(EXERCISE INPUT Opens)

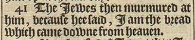 41 The Iewes then murmured at him, because hee said, I am the bread which came downe from heauen.
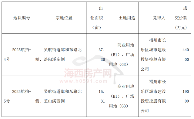 最终,福州市长乐区城市建设投资控股有限公司连下两城,分别以底价4.4亿、1.9亿成功竞得2025航拍-4号、2025航拍-5号地块。
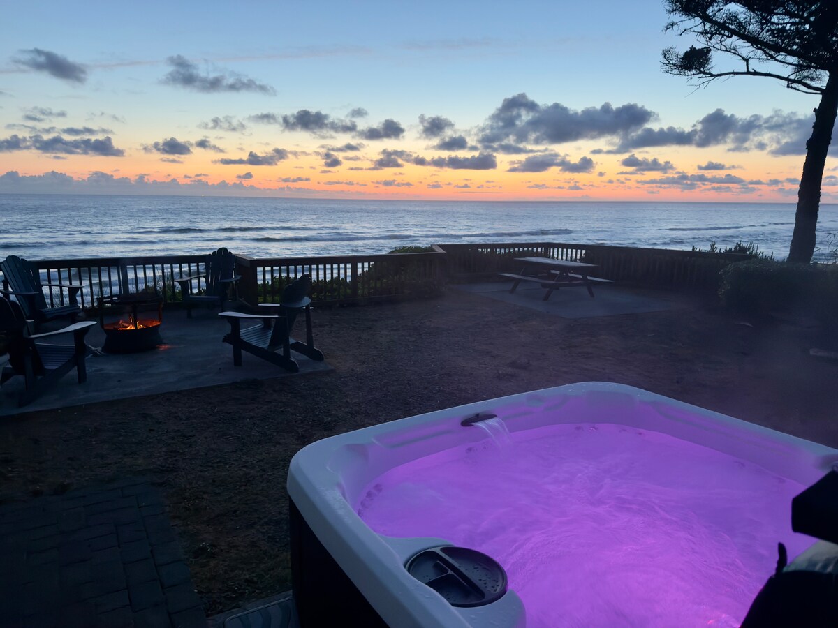 Vågn op til panoramaudsigt over Stillehavet og den historiske Proposal Rock, og oplev den ultimative strandferie i vores strandhus ved havet i Neskowin i Oregon. Gå ud ad bagdøren for at få direkte adgang til stranden og kilometerlange sandkyster. Se solnedgange fra huset eller baghaven, og slap derefter af i spabadet ved havet, mens bølgerne ruller ind nedenfor. Stille, naturskønt og uforglemmeligt. Den perfekte smuttur til Oregons kyst for at slappe af, gå ture på stranden og opleve eventyr ved kysten.
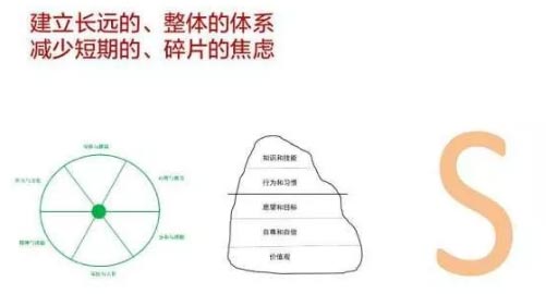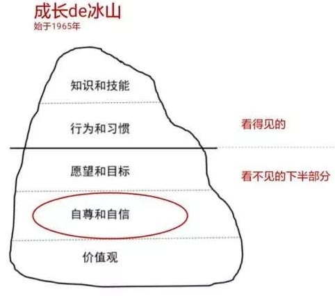 一個人的“自我”就像一座漂浮在水面上的巨大冰山。能夠被外界看到的行為表現(xiàn)或應對方式——“知識和技能”、“行動和習慣”,只是露在水面上很小的一部分,而暗涌在水面之下更大的山體,則是長期壓抑并被我們忽略的“內(nèi)在”——“愿望和目標”、“自尊與自信”、“價值觀”。
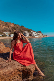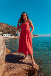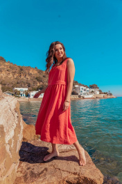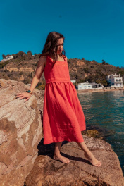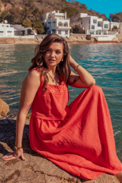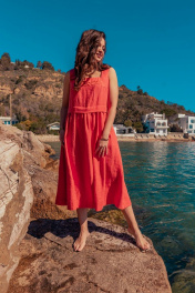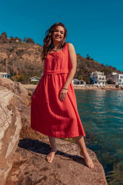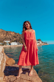 Платье без рукавов с вышивкой и расширенной юбкой летняя MALI 424-032 коралл

(EXERCISE INPUT Closes)

**EXERCISE**. Reproduce the listing above exactly, but skip the pictures.

**ANSWER TO THIS EXERCISE**.
 41 The Iewes then murmured at him, because hee said, I am the bread which came downe from heauen.
 最终,福州市长乐区城市建设投资控股有限公司连下两城,分别以底价4.4亿、1.9亿成功竞得2025航拍-4号、2025航拍-5号地块。
 Vågn op til panoramaudsigt over Stillehavet og den historiske Proposal Rock, og oplev den ultimative strandferie i vores strandhus ved havet i Neskowin i Oregon. Gå ud ad bagdøren for at få direkte adgang til stranden og kilometerlange sandkyster. Se solnedgange fra huset eller baghaven, og slap derefter af i spabadet ved havet, mens bølgerne ruller ind nedenfor. Stille, naturskønt og uforglemmeligt. Den perfekte smuttur til Oregons kyst for at slappe af, gå ture på stranden og opleve eventyr ved kysten.
 一個人的“自我”就像一座漂浮在水面上的巨大冰山。能夠被外界看到的行為表現(xiàn)或應對方式——“知識和技能”、“行動和習慣”,只是露在水面上很小的一部分,而暗涌在水面之下更大的山體,則是長期壓抑并被我們忽略的“內(nèi)在”——“愿望和目標”、“自尊與自信”、“價值觀”。
 Платье без рукавов с вышивкой и расширенной юбкой летняя MALI 424-032 коралл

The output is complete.